Geometry > Projective Geometry > General Projective Geometry >
Recreational Mathematics > Mathematical Art > Mathematical Images >
Recreational Mathematics > Mathematics in the Arts > Mathematics in Art >
Interactive Entries > Interactive Demonstrations >

Hardwood solitaire. A plane image or pair of two-dimensional images that, when appropriately viewed using both eyes, produces an image which appears to be three-dimensional. By taking a pair of photographs from slightly different angles and then allowing one eye to view each image, a stereogram is not difficult to produce.

Amazingly, it turns out that the three-dimensional effect can be produced by both eyes looking at a single image by defocusing the eyes at a certain distance. Such stereograms are called 'random-dot stereograms.'


Stereograms are created by repeating vertical patterns, textures, and/or objects. The horizontal distance between these repeats determines a parallax (visual displacement). If the width of this parallax is too wide it will strain a viewers eyes. Stereograms - an eye workout 1 to see the hidden 3D picture you have to focus your eyes passed the screen as you may be looking at whats behind the screen can you do it? Stare at the picture and keep focusing and unfocusing your eyes.eventually the pic will become 3-D and you will see something new. Stereograms aren't just interesting pieces of art; they're usually guaranteed conversation starters, too. But they can quickly become annoying if you're unable to see the hidden 3D image inside them. Fortunately, it only takes a few key things to view stereograms and see the world in 3D again.


Antonov, A. 'Magic Eye Animations.'

Bar-Natan, D. 'Random-Dot Stereograms.' Math.
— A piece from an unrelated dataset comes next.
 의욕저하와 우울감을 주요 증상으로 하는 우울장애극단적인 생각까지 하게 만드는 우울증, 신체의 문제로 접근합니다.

J.1, 69-71,1991.

Fineman, M. TheNature of Visual Illusion. New York: Dover, pp. 89-93, 1996.


Horibuchi, S. and Inoue, Y. (Eds.). Stereogram.San Francisco, CA: Cadence Books, 1994.


Julesz, B. Foundationsof Cyclopean Perception. Chicago, IL: University of Chicago Press, 1971.
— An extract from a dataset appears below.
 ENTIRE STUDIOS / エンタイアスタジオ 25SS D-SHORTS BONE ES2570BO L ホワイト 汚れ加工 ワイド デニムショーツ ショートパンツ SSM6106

Julesz, B. 'Stereoscopic Vision.' Vision Res.26, 1601-1611,1986.

Maeder, R. 'The Mathematica Programmer: Single-Image Stereograms.'Mathematica J.5, 50-61, 1995.

Terrell, M. S. and Terrell, R. E. 'Behind the Scenes of a Random DotStereogram.' Amer. Math. Monthly101, 715-724, 1994.

Tyler, C. 'Sensory Processing of Binocular Disparity.' In Vergence Eye Movements: Basic and Clinical Aspects. Boston, MA: Butterworth, pp. 199-295, 1983.

Stereogram Solver

StereogramReferenced on Wolfram Alpha: StereogramStereogramCITE THIS AS:

Stereogram Pictures

Weisstein, Eric W. 'Stereogram.' FromMathWorld--A Wolfram Web Resource.